═══ EXTRACTED MATERIAL

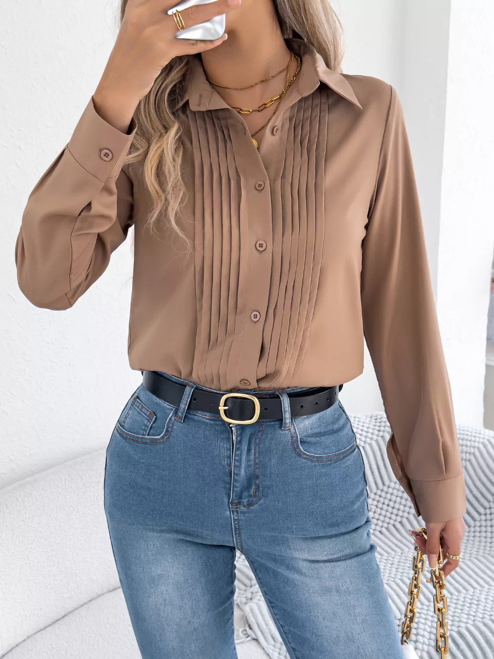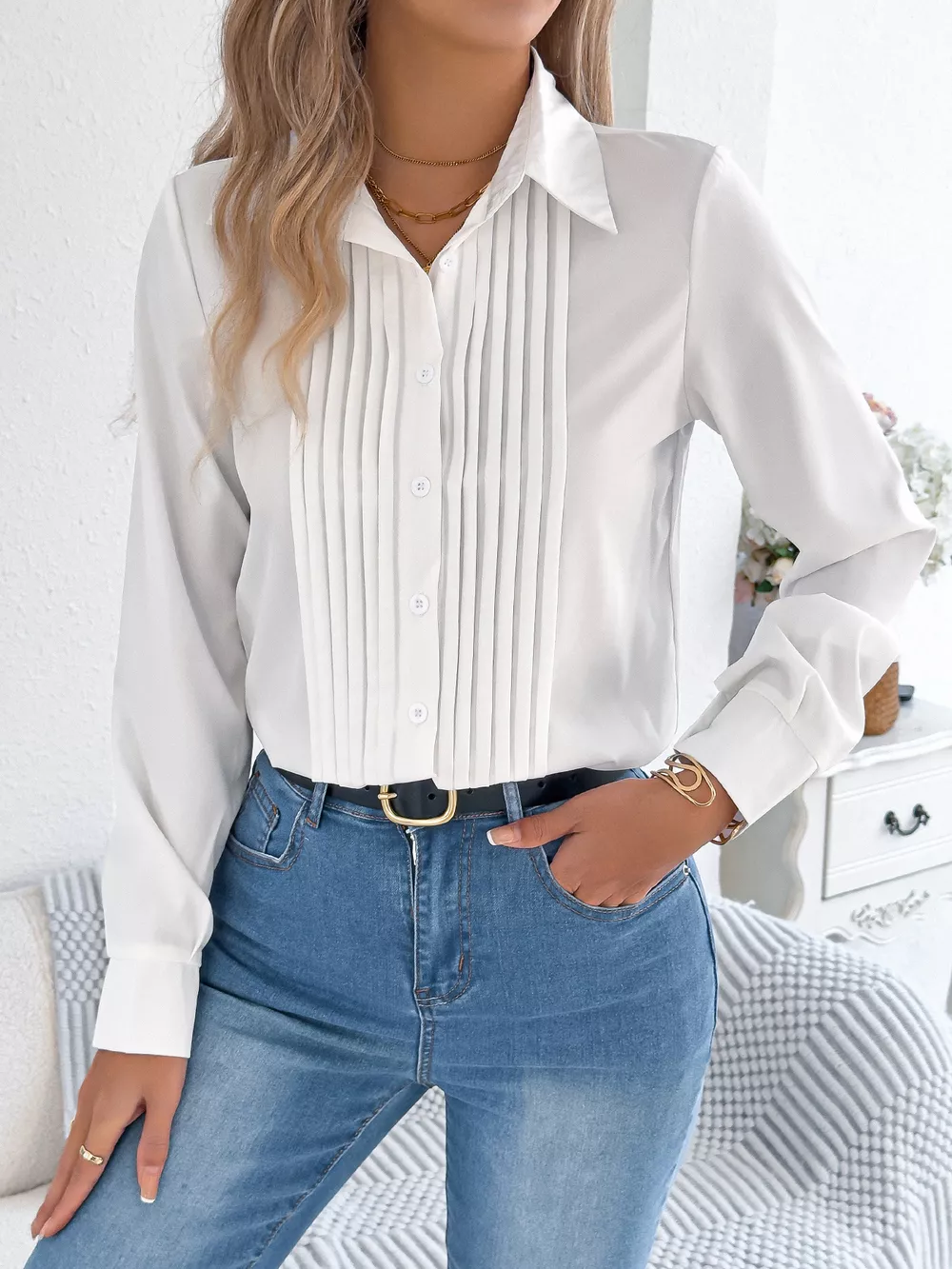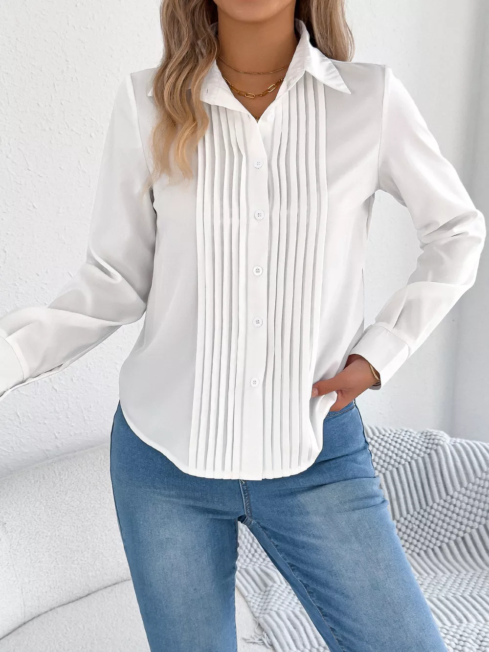 Pleated Front Long Sleeve Shirt
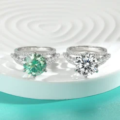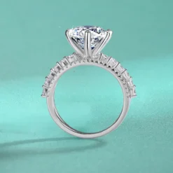 ♥ This 5 ct large moissanite silver ring is a perfect combination of luxury and elegance with its unique three-layer band design. The large moissanite stone is held securely in a fine 6-prong setting, which not only ensures the stability of the gemstone but also brings out the perfect brilliance of the stone, making it unforgettable at first glance.
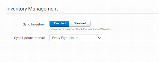 If the Sync Inventory setting is enabled, use this dropdown to select how often you’d like Order Desk to download inventory counts from Wemalo.
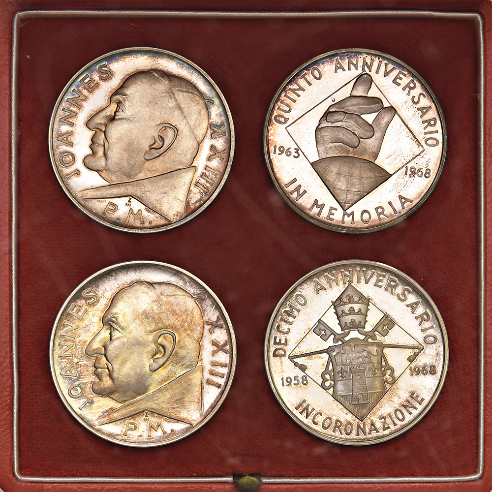 Lot 225 | GIOVANNI XXIII.Astuccio con 4 medaglie in argento 1968 (mm 32) PROOF. Cocepa.
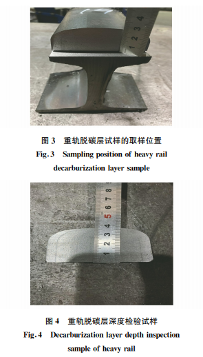 TB/T2344-2012標(biāo)準(zhǔn)中對重軌脫碳層檢驗 的取樣頻次是1000t取樣一次,而根據(jù)重軌產(chǎn)品的 特點,從安全的角度,為保證交貨質(zhì)量,企業(yè)內(nèi)部從 嚴(yán)要求,規(guī)定正常生產(chǎn)時脫碳層檢驗取樣的頻次是 500t取樣一次,比鐵道部標(biāo)準(zhǔn)規(guī)定的檢驗頻次嚴(yán)格 一倍。同時在重軌每次軋鋼初期,脫碳層取樣標(biāo)準(zhǔn) 都是要求每一批都取樣,要保證連續(xù)3批的重軌脫 碳層深度均低于0.50mm,再執(zhí)行每500t取樣一 次。如果有進(jìn)行工藝調(diào)試、加熱爐出現(xiàn)故障或軋線出現(xiàn)故障的情況出現(xiàn),重軌脫碳層深度檢驗執(zhí)行批 批取樣的制度。在百米高速重軌脫碳層取樣及檢驗 崗位規(guī)程的編制上,將TB/T2344-2012標(biāo)準(zhǔn)中的 脫碳層取樣和檢驗的規(guī)定全部采納,同時把企業(yè)內(nèi) 部對重軌脫碳層的取樣頻次和檢驗要求納入崗位規(guī) 程,以保證重軌脫碳層深度檢驗結(jié)果的可信度。
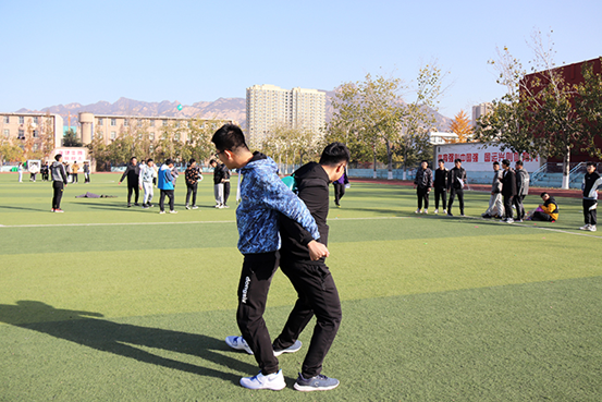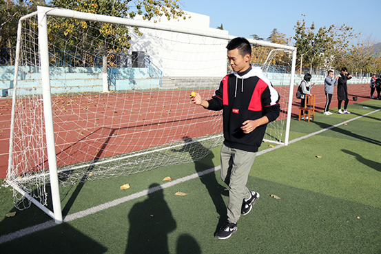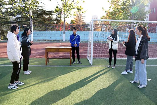 你画我猜,开动脑筋,舍友之间心有灵犀,通过动作、神情来表述成语意思,操场充满欢声笑语。
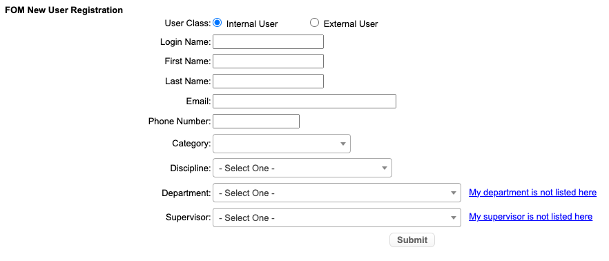 From there – enter in your user information and hit the submit button – for now, choose Tom Grimsley as your supervisor. This might eventually be your own PI/advisor in the future.
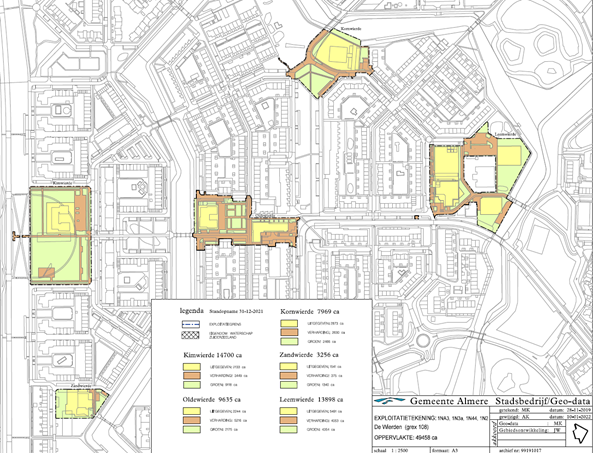 In deze grondexploitatie is sprake van deelgebieden namelijk de Laren en de Wierden. Hieronder staan voor beide deelgebieden de exploitatie tekeningen weergegeven. Het ruimtegebruik is samengevoegd in een tabel.
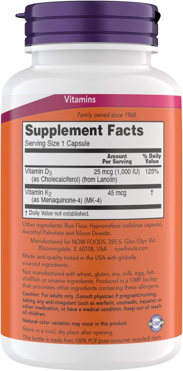Now Supplements Vitamin D3 K2, 1,000 IU/45 mcg, Cardiovascular Support, Supports Bone Health, 180 Vegetarian Capsules - Vegan, Gluten Free, Kosher Vitamin D3 and K2 Supplements
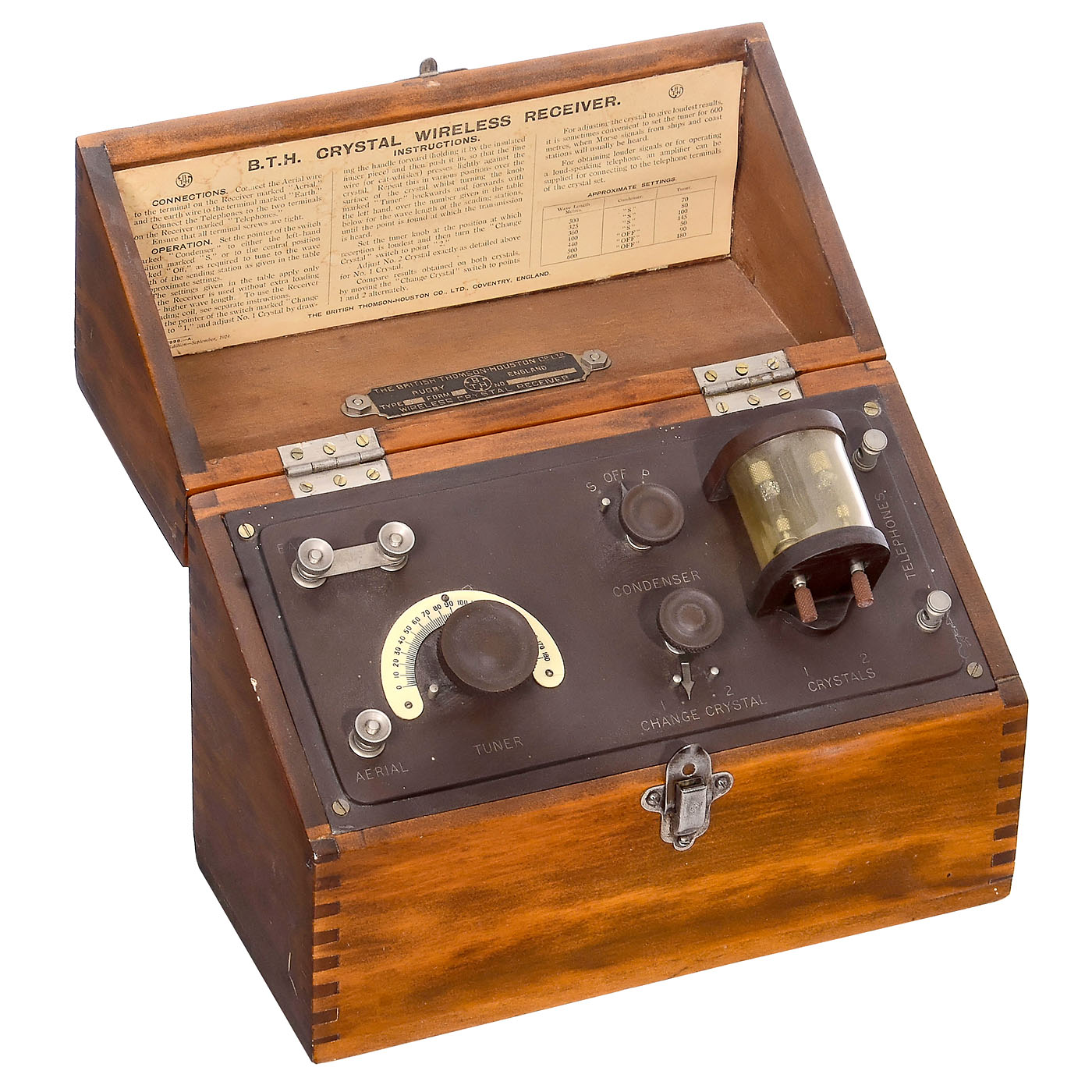 1) "Gecophone" Crystal Set No. 1, 1922, Type B.C. 1002, with BBC decal, instructions under the lid, good condition, with Sterling earphones. ÿ 2) Double crystal receiver, The British Thomson-Houston Company, crystal selectable with switch, slanted console device. ÿ And: 3) Vitus, France, presumably a replica, oak cabinet.

══════

**EXERCISE DETAILS:**
The stretch to restate runs from the line above containing "你画我猜,开动脑筋,舍友之间" through the line containing "From there –". Copy it word for word, ends included, without pictures.

**EXPECTED OUTPUT:**
 你画我猜,开动脑筋,舍友之间心有灵犀,通过动作、神情来表述成语意思,操场充满欢声笑语。
 From there – enter in your user information and hit the submit button – for now, choose Tom Grimsley as your supervisor. This might eventually be your own PI/advisor in the future.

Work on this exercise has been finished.